### Recorded information
::::
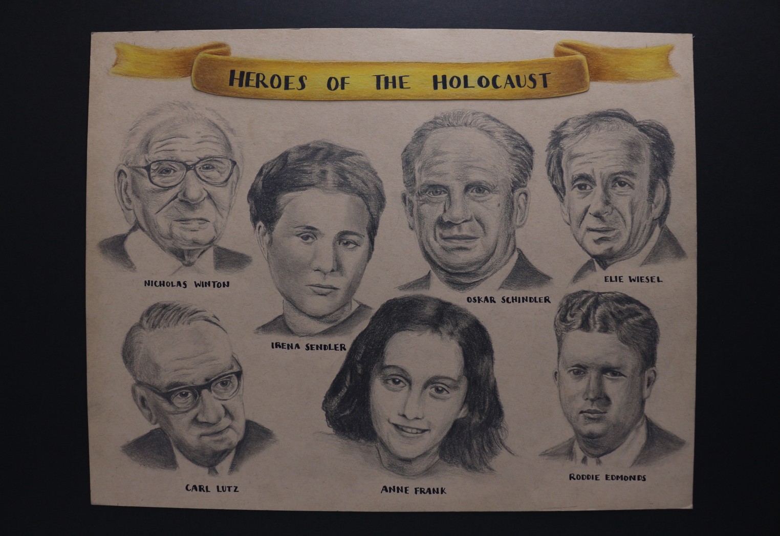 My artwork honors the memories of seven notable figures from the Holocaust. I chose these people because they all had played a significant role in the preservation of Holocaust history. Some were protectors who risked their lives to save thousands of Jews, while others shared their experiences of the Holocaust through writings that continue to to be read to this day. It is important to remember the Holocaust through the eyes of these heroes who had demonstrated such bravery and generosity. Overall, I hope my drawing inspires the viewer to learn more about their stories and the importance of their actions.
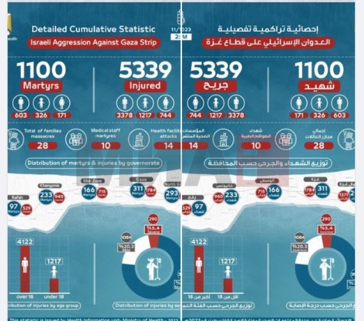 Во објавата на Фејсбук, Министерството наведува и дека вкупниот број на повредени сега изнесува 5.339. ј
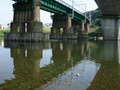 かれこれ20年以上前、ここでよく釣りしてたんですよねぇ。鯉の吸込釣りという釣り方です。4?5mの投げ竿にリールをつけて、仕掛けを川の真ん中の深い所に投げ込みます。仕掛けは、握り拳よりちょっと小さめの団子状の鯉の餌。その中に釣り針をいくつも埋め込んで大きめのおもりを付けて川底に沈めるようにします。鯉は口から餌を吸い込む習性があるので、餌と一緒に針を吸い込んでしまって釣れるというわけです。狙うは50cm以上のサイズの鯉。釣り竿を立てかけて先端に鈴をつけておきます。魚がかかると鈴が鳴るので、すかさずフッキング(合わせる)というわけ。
::::
Copy the listing above exactly, minus the pictures.

 My artwork honors the memories of seven notable figures from the Holocaust. I chose these people because they all had played a significant role in the preservation of Holocaust history. Some were protectors who risked their lives to save thousands of Jews, while others shared their experiences of the Holocaust through writings that continue to to be read to this day. It is important to remember the Holocaust through the eyes of these heroes who had demonstrated such bravery and generosity. Overall, I hope my drawing inspires the viewer to learn more about their stories and the importance of their actions.
 Во објавата на Фејсбук, Министерството наведува и дека вкупниот број на повредени сега изнесува 5.339. ј
 かれこれ20年以上前、ここでよく釣りしてたんですよねぇ。鯉の吸込釣りという釣り方です。4?5mの投げ竿にリールをつけて、仕掛けを川の真ん中の深い所に投げ込みます。仕掛けは、握り拳よりちょっと小さめの団子状の鯉の餌。その中に釣り針をいくつも埋め込んで大きめのおもりを付けて川底に沈めるようにします。鯉は口から餌を吸い込む習性があるので、餌と一緒に針を吸い込んでしまって釣れるというわけです。狙うは50cm以上のサイズの鯉。釣り竿を立てかけて先端に鈴をつけておきます。魚がかかると鈴が鳴るので、すかさずフッキング(合わせる)というわけ。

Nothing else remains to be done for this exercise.